As a political anthropologist, I have a keen interest in “the political” in its diverse manifestations and scales: the everyday politics of survival and life on the margins; the activist politics of social movements, NGOs, and radical groups; the politics of the state and citizenship; the politics of global governance and aid by international organizations like the World Bank; and finally, the politics of knowledge production. My regional specialization is South Asia and I have conducted fieldwork in India. From women’s development programs intended to transform gender relations to transparency and anticorruption laws that aim to reform the state, I study the social life and effects of initiatives that seek to “empower” citizens and establish good governance. These laws, projects, and policies function as spaces of encounter, bringing together social movement activists, NGOs, ordinary citizens, and state officials in complex negotiations with each other; these are the key actors in my work.

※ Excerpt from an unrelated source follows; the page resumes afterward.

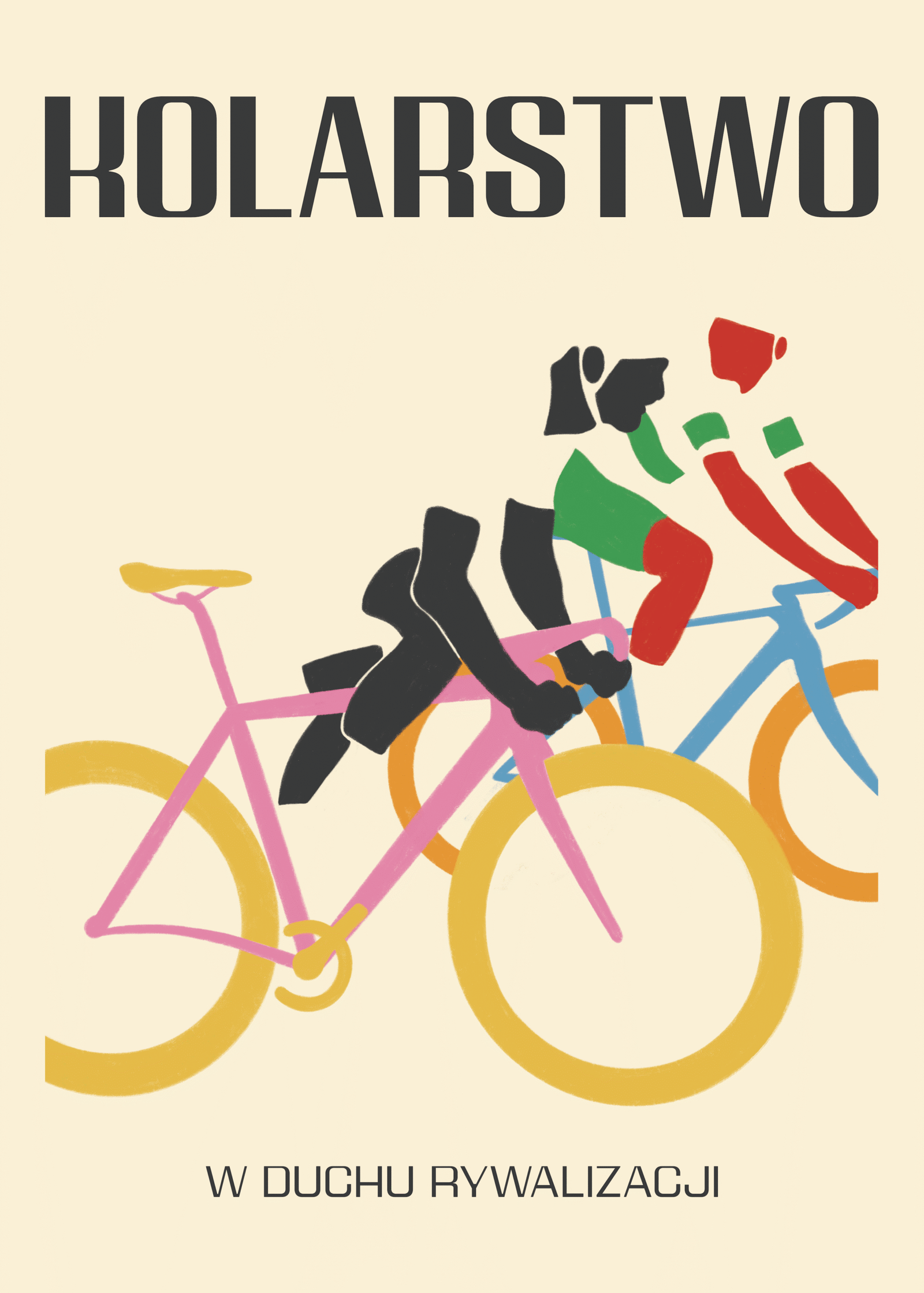 Plakat „Kolarstwo w Duchu Rywalizacji” to ukłon w stronę kolarskich podbojów z własnymi zmaganiami.

My forthcoming book, A Technomoral Politics: Good Governance, Transparency, and Corruption in India, published by the University of Minnesota Press, offers an ethnographic meditation on good governance politics in India today, arguing that it is a technomoral, translocal assemblage: that is, it is a complex and shifting blend of charged ethical vernaculars about “goodness” and technical expertise about laws and policies, on the one hand, and local imperatives and global standards of neo/liberal governance, on the other. In order to shed light on this assemblage, the book follow the twists and turns of a group of activists led by Arvind Kejriwal from 2008 to 2014 as they morphed from a small pro-transparency NGO to a mass movement against corruption to a populist party that promised to change the political system through laws and reforms and came to power in Delhi. This shapeshifting, kaleidoscopic politics of good governance, at once judicialized and populist, brims with paradoxes and risks. I analyze this politics for what it reveals about statehood and bureaucracy, citizenship and rights, the social life of laws and liberal activism, and populist authoritarianism in democratic contexts. My previous book, Logics of Empowerment: Development, Gender and Governance in Neoliberal India, also published by the University of Minnesota Press, focused on the paradoxical outcomes of a rural women’s empowerment program started as a partnership between feminist groups and the Indian government. I have co-edited, with Akhil Gupta, The Anthropology of the State: A Reader.

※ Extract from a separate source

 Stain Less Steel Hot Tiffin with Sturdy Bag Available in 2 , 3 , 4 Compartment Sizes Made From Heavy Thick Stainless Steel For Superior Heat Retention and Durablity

My work has appeared in several peer-reviewed journals, including the American Ethnologist, Cultural Anthropology, Current Anthropology, South Asia: Journal of South Asian Studies, Citizenship Studies, Political and Legal Anthropology Review, and Anthropology Now. In a 2018 article in Current Anthropology, titled “New Brooms and Old,” I discuss corruption as a “limit” problem, full of grey areas, and the difficulties of resolving it through the law. In a 2016 collaborative article, with Erica Bornstein, published in the American Ethnologist, I describe the “technomoral politics” of NGO, movement, and state actors on the issue of corruption, as they struggle to claim moral authority and political legitimacy as the keepers of public interest and democratic values. In a 2014 article on anticorruption politics in India published in South Asia: Journal of South Asian Studies, I examine the use of “brand Gandhi” by various political and civil society actors, as they fought over an anticorruption law, juxtaposing these contemporary debates about Gandhianism against a history of Gandhi’s activism. My 2013 article in the Political and Legal Anthropology Review, uses the social life of India’s 2005 Right to Information law to illuminate the politics and paradoxes of state transparency, showing how citizens attempt to make the state accountable and how government officials subvert transparency through common bureaucratic means. I published two journal articles on my research on state-led women’s empowerment projects: The first, published in Cultural Anthropology in 2006, parsed the governmental workings and contradictory outcomes of government-organized NGOs (or GONGOs) and the second, which appeared in Citizenship Studies in 2011, examined rural subaltern rights-claims and citizenship talk in India. My public anthropology-oriented writings have appeared in Anthropology Now, where I engage the politics of fieldwork and “native” anthropology, and on the popular Indian political blogsite “Kafila – 12 Years of a Common Journey,” where I shed light on the gendered nature of mainstream debates about India’s democratic transformation that do not question the patriarchal nature of state institutions and of citizenship.
I earned my doctorate and masters from Stanford University in Cultural and Social Anthropology. I also have a master’s degree in International Affairs from Columbia University and an undergraduate degree from The New School for Social Research with specializations in Economics, Politics and Feminist Studies. I have native fluency in Hindi, spoken fluency and basic reading skills in Punjabi and Urdu, a working knowledge of Russian (speaking, reading and writing), and basic knowledge of Spanish.
I have served as secretary of the Association for Political and Legal Anthropology.